Indeed, the abundance of badgers in small intensively studied populations is usually estimated from mark–recapture studies (Rogers, Cheeseman & Mallinson 1997; Tuyttens et al. 1999b). These methods are believed to be reliable if the underlying assumptions are valid, if variations in capture probability are adequately controlled, and if an adequate proportion of the badgers is trapped over a sufficient number of trapping occasions (Tuyttens et al. 1999b; Tuyttens 2000). However, live trapping of badgers is expensive, labour-intensive, potentially disturbing to the badger population, and is illegal in many countries without a special permit.

Faecal counts have frequently been used as a measure of animal abundance (Neff 1968; Putman 1984; Krebs et al. 1986; Sutherland 1996; Plumptre 2000). As badgers defecate in characteristic ‘latrines’, or clusters of dung pits, their excreta are not only easily distinguished from other species but are also relatively easy to find. Several workers have realized that badger density could be estimated if only there was an easy and reliable way of counting these latrines in the field (Brown 1993; Hutchings 1996). This paper reports the feasibility of a badger census method based on the quantification of latrine use. We first tested whether the size of social groups can be predicted from bait-marking studies, and then evaluated whether measurements of latrine use along strip transects correlated with population density in study areas in England where the density of badgers is known from mark–recapture/resight studies.

Methods

Latrine use and social group size

A standard bait-marking trial (Kruuk 1978) was conducted in the North Nibley study area (Gloucestershire, south-west England, National Grid reference ST74,96; for details see Tuyttens et al. 1999b) in the spring of 1996. In February–March a mixture of peanuts, golden syrup and indigestible plastic chips was put down at each active non-outlier sett in the study area in the late afternoon for a period of about 3 weeks. The bait was covered by stones or inserted directly in the sett entrances, in order to reduce uptake by other species. Each sett was given its unique colour of plastic chips. The study area was then surveyed for badger latrines. From the colour of the plastic chips recovered from the faeces it was possible to determine which setts belonged to each social group and which latrines were used by each group (Tuyttens et al. 2000b). For each latrine we recorded the number of pits that contained faeces and the colour of the plastic chips in them (if any). A similar bait-marking and latrine survey took place at Woodchester Park (Gloucestershire, south-west England, National Grid reference SW81,01; for details see Delahay et al. 2000), where the bait was provided for about a fortnight starting at the end of March.

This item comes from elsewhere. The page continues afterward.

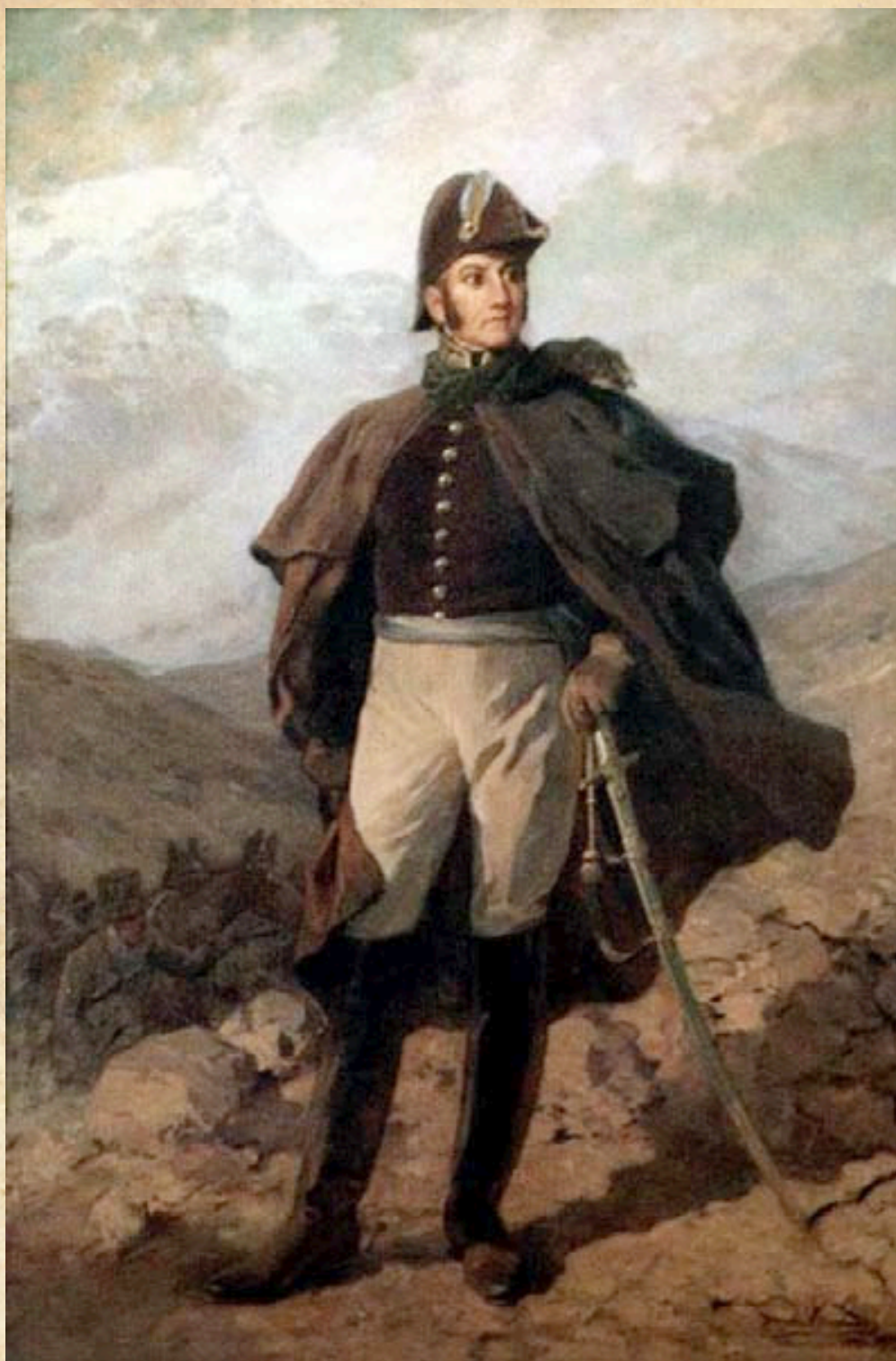
(4) General José de San Martín. El constituir y preservar una fuerte reserva le dio la llave del éxito en Maipú.

We fitted generalized least-square models (which give unbiased coefficient estimates in the case of heteroscedasticity) to investigate the relationship between group size and the number of latrines or number of separate pits used by each social group, for both study areas separately. The number of latrines or pits used by a social group was defined as the total number of latrines or pits found during the survey that contained faeces with plastic returns of that group (irrespective of whether or not the latrine or pit also contained returns from other social groups). Group size was estimated from mark–recapture studies. Badgers were cage-trapped three times a year (late spring, summer and autumn) at North Nibley and at least four times a year (additional trap-up in winter) at Woodchester Park, using standard procedures (Rogers, Cheeseman & Mallinson 1997; Tuyttens et al. 1999a). Social group size was calculated as the number of different cubs (0–1 years) and adults (≥ 1 years) captured during any of the trap-ups of that year, plus the number of animals that were not caught that year but in the previous and subsequent years (1995–98 data only). If an animal was captured in two different groups within a year, it was counted as half a badger in both groups.

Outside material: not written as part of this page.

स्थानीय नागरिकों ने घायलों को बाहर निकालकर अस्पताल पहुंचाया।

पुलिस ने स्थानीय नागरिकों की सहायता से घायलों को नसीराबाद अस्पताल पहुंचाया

Latrine use and population density

From mid-April until mid-May of 1997 and 1998, strip transects 6 m wide, arranged in a stratified-random design, were searched on foot for badger latrines in areas in England where badger density was known from mark–recapture (North Nibley, Wytham Woods, National Grid reference SP46,08, and Woodchester Park) or mark–resight studies (Kettering, National Grid reference SP81,76, and Yeovil, National Grid reference ST51,18). Population estimates at Yeovil were only available for 1998. The boundaries of each study area were drawn along the outside boundaries of the ranges of peripheral social groups as estimated from bait marking (Tuyttens et al. 2000b). Population size at the time of the summer following the bait-marking trial was estimated using the methods explained in Tuyttens et al. (1999b). It was found previously that at North Nibley there was a good correspondence between mark–resight and mark–recapture badger population estimates (Tuyttens et al. 1999b). However, the mark–resight estimates could estimate only total badger density because cubs and adults could not be distinguished reliably when resighted at that time of year.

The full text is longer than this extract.